In this instance I think it may be sensible option to go for an Allez Sport Double, the bike will be a fair bit different to your old one and you may find you dont need the triple... this is my opinion and to be honest both specs are pretty good and far better than you have experience of so go with what feels better rather than what looks better on paper.



Paul_L said:


> I can put extra money from my own pocket so i was also thinking about the Trek 1.7 Triple, but it's way over budget at £950, but i wonder whether i can get much of a discount.



You should be able to get a fair bit off the RRP of £950, however most shops are unwilling to barter too much on the c2w scheme as they lose 10% in commission to the scheme.

Although if you are willing to spend the extra on the 1.7 (a wonderful bike) try it against the Allez Elite only £50 more RRP and many places sell for £920!!!

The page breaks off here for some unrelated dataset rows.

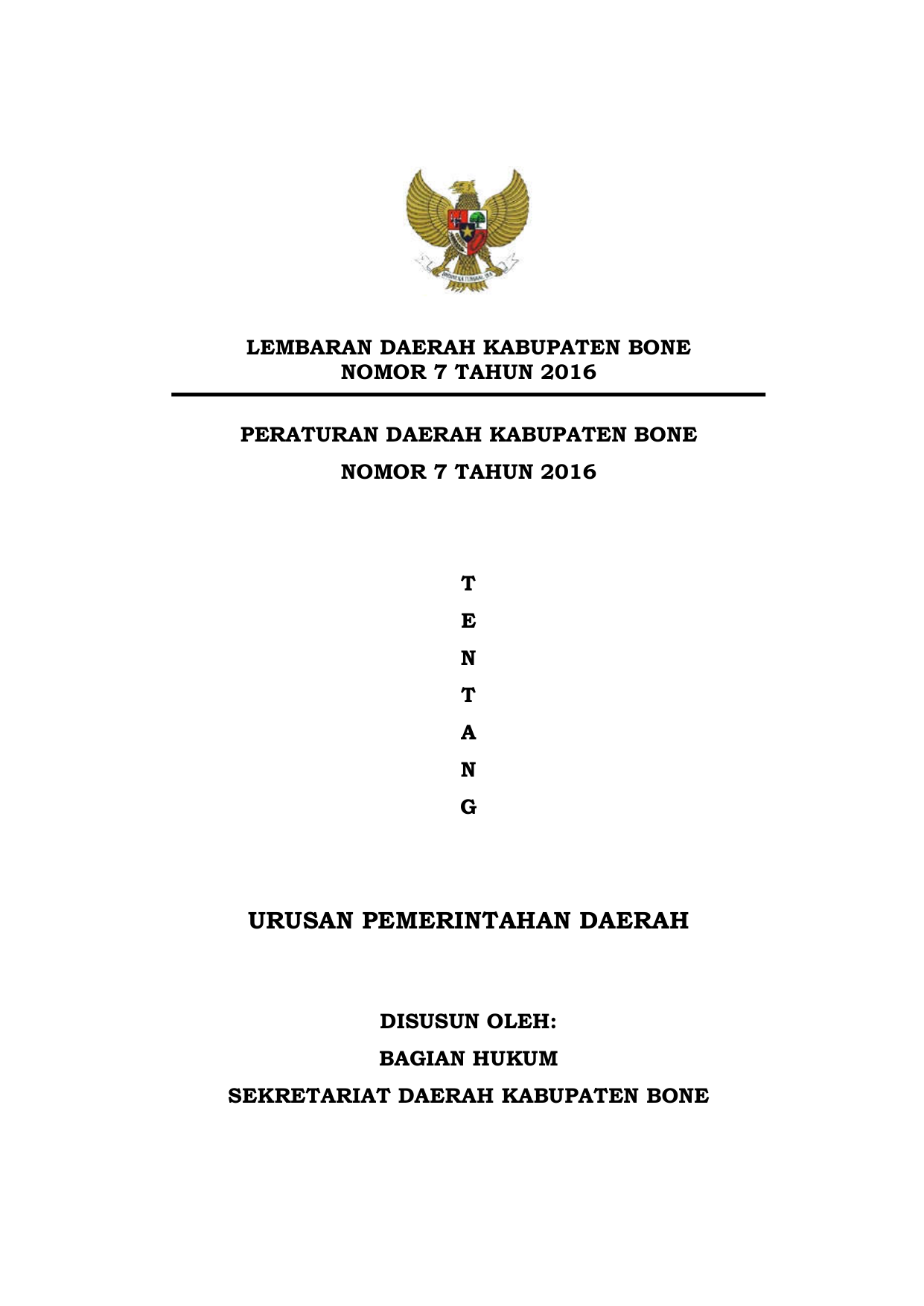 NOREG PERATURAN DAERAH KABUPATEN BONE PROVINSI SULAWESI SELATAN B.HK.HAM.7.121.16 TAHUN 2016
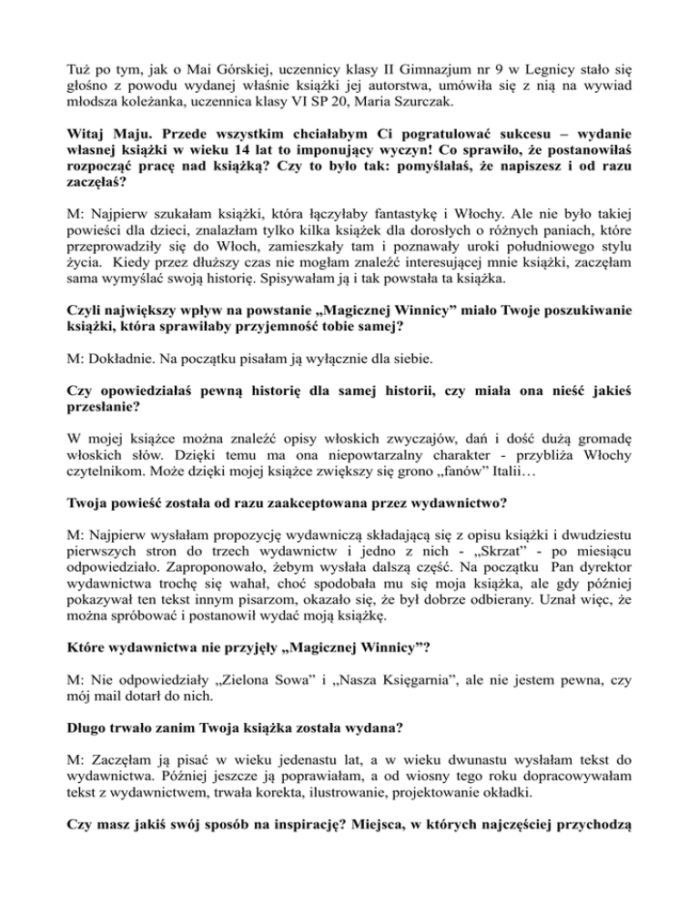 Tuż po tym, jak o Mai Górskiej, uczennicy klasy II Gimnazjum nr 9 w Legnicy stało się głośno z powodu wydanej właśnie książki jej autorstwa, umówiła się z nią na wywiad młodsza koleżanka, uczennica klasy VI SP 20, Maria Szurczak. Witaj Maju. Przede wszystkim chciałabym Ci pogratulować sukcesu – wydanie własnej książki w wieku 14 lat to imponujący wyczyn! Co sprawiło, że postanowiłaś rozpocząć pracę nad książką? Czy to było tak: pomyślałaś, że napiszesz i od razu zaczęłaś? M: Najpierw szukałam książki, która łączyłaby fantastykę i Włochy. Ale nie było takiej powieści dla dzieci, znalazłam tylko kilka książek dla dorosłych o różnych paniach, które przeprowadziły się do Włoch, zamieszkały tam i poznawały uroki południowego stylu życia. Kiedy przez dłuższy czas nie mogłam znaleźć interesującej mnie książki, zaczęłam sama wymyślać swoją historię. Spisywałam ją i tak powstała ta książka. Czyli największy wpływ na powstanie „Magicznej Winnicy” miało Twoje poszukiwanie książki, która sprawiłaby przyjemność tobie samej? M: Dokładnie. Na początku pisałam ją wyłącznie dla siebie. Czy opowiedziałaś pewną historię dla samej historii, czy miała ona nieść jakieś przesłanie? W mojej książce można znaleźć opisy włoskich zwyczajów, dań i dość dużą gromadę włoskich słów. Dzięki temu ma ona niepowtarzalny charakter - przybliża Włochy czytelnikom. Może dzięki mojej książce zwiększy się grono „fanów” Italii… Twoja powieść została od razu zaakceptowana przez wydawnictwo? M: Najpierw wysłałam propozycję wydawniczą składającą się z opisu książki i dwudziestu pierwszych stron do trzech wydawnictw i jedno z nich - „Skrzat” - po miesiącu odpowiedziało. Zaproponowało, żebym wysłała dalszą część. Na początku Pan dyrektor wydawnictwa trochę się wahał, choć spodobała mu się moja książka, ale gdy później pokazywał ten tekst innym pisarzom, okazało się, że był dobrze odbierany. Uznał więc, że można spróbować i postanowił wydać moją książkę. Które wydawnictwa nie przyjęły „Magicznej Winnicy”? M: Nie odpowiedziały „Zielona Sowa” i „Nasza Księgarnia”, ale nie jestem pewna, czy mój mail dotarł do nich. Długo trwało zanim Twoja książka została wydana? M: Zaczęłam ją pisać w wieku jedenastu lat, a w wieku dwunastu wysłałam tekst do wydawnictwa. Później jeszcze ją poprawiałam, a od wiosny tego roku dopracowywałam tekst z wydawnictwem, trwała korekta, ilustrowanie, projektowanie okładki. Czy masz jakiś swój sposób na inspirację? Miejsca, w których najczęściej przychodzą Ci do głowy różne pomysły? M: Raczej nie mam takich miejsc, ani żadnych sposobów. Czasami zastanawiam się nad tym, jak można coś napisać i pomysły same przychodzą mi do głowy. Korzystam też z tego, co kiedyś usłyszałam, czy przeczytałam. Piszę w domu, w podróży, na plaży. Część książki powstała w czasie wycieczki do Włoch. Pisałam wtedy nawet w autokarze. Masz jakieś marzenia, plany w związku z pisaniem? M: Chciałabym zostać pisarką, na której książki czytelnicy czekaliby z niecierpliwieniem. Masz jakieś pomysły na nowe książki? M: Nawet dużo! Spisane pomysły czekają w zeszycie. A druga część „Magicznej winnicy” jest już prawie napisana. Czy w innych książkach, poza tą serią, również chciałabyś przepleść realizm z magią, czy spróbowałabyś innej formy? M: Niektóre moje pomysły na książki są realistyczno – magiczne, a akcje innych rozgrywają się w zwykłym świecie. Fantastyka to Twój ulubiony gatunek literacki? M: Tak, zdecydowanie. W zwykłym świecie trudno zaskoczyć czytelnika niezwykłym wydarzeniem, a w fantasy może dziać się tak naprawdę wszystko. jakimś Czy masz jakieś wskazówki dla tych, którzy chcieliby napisać własną książkę? M: Jeżeli zaczniecie pisać, to nie możecie się poddawać. Praca nad książką trwa długo i czasem można się zniechęcić. Nie zawsze jest tak, że się coś napisze. Raz można w godzinę napisać długi rozdział, a innym razem, w tym samym czasie, ledwie dwa zdania. Miałaś takie chwile, że myślałaś, że i tak Ci się nie uda, że chciałaś przestać pracować nad „Magiczną Winnicą”? M: Czasami, kiedy miałam problem z jakimś fragmentem i wersja początkowa niezbyt mi się podobała, to chciałam (piszę na komputerze) wszystko wykasować, ale na szczęście nigdy tak nie zrobiłam. Kiedy byłaś młodsza planowałaś karierę pisarki? M: W pierwszej klasie szkoły podstawowej napisałam krótkie opowiadanie. Sama je zilustrowałam i zrobiłam sobie malutką książeczkę. Później pisałam inne krótkie opowiadania. Już wtedy myślałam, że może kiedyś wyślę je do jakiegoś wydawnictwa. Więc... od dawna pisanie chodziło mi po głowie. Udało mi się nawet wygrać dwa lata temu legnicki konkurs „Mały literat”. Co lubisz robić oprócz pisania? M: Bardzo lubię tańczyć. Należę do Zespołu Pieśni i Tańca „Legnica”. Oprócz tego chodzę na zajęcia z języka włoskiego. Lubię też czyta książki. Jedną z moich ulubionych lektur jest seria „Baśniobór” Brandona Mull'a. Jak to jest wiedzieć, że inni mają Twoją książkę u siebie i ją czytają? M: Kiedy wysyłałam książkę do wydawnictwa nawet nie wyobrażałam sobie, że ktokolwiek ją przeczyta. Teraz, kiedy wiem, że niektóre osoby mają już tą książkę i ją czytają, wydaje mi się to niezwykłe. To bardzo przyjemne uczucie. Widzisz siebie w przyszłości jako wielką i znaną na całym świecie pisarkę, odbierającą najbardziej prestiżowe nagrody, czy raczej autorkę piszącą dla mniejszej, lecz stałej grupy odbiorców? Oczekujesz, że „Magiczną Winnicą” zainteresujesz wielu czytelników, czy wystarczy Ci ich skromna liczba na początek? M: Jak już mówiłam, na razie wie
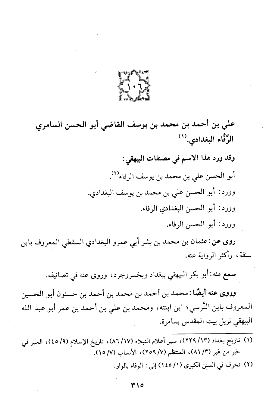 (106) علي بن أحمد بن محمَّد بن يوسف القاضي أبو الحسن السامري الرَّفَّاء البغدادي. (¬1)
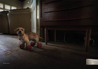 (рис.5) Реклама приюта для бездомных животных «RSPCA». Представлен в одиночестве домашний пёс. Вместо лап у него игрушечные колеса. Справа внизу присутствует надпись: «Животные - не игрушки. Так просто не заводите». Объект рекламы- это осознанное отношение к приобретенным животным . Каждый год тысячи домашних животных оказываются брошенными своими бывшими хозяевами. Реклама призывает людей больше и более серьезно думать перед тем, как решить завести себе домашнего питомца. Идея визуализирует выражение "Животные не игрушки", показывая, что их нельзя так просто выкинуть и забыть.
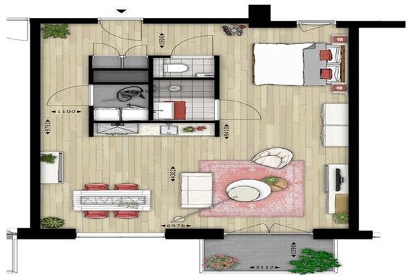 Jij woont in één grote, stoere, open ruimte met een industriële vibe.

But if you want to spend the £50 more on the Elite, you are starting to nudge Carbon territory.... uh oh snowball effect.


----------



## Paul_L (7 Mar 2009)

well i've decided and ordered the Allex Triple. Had a test ride and felt really nice. Shop were excellent and really helpful. 

The one i rode was a 56cm frame, and the 58cm frame i need needs to be ordered.

Got them to make the quote out for £100 more so i can get some nice accessories too!!!

Thanks for all the input.

Will be wishing the next 3 weeks away for the bike to be delivered!!!


----------



## Wigsie (7 Mar 2009)

Nice one Paul, congratulations!


----------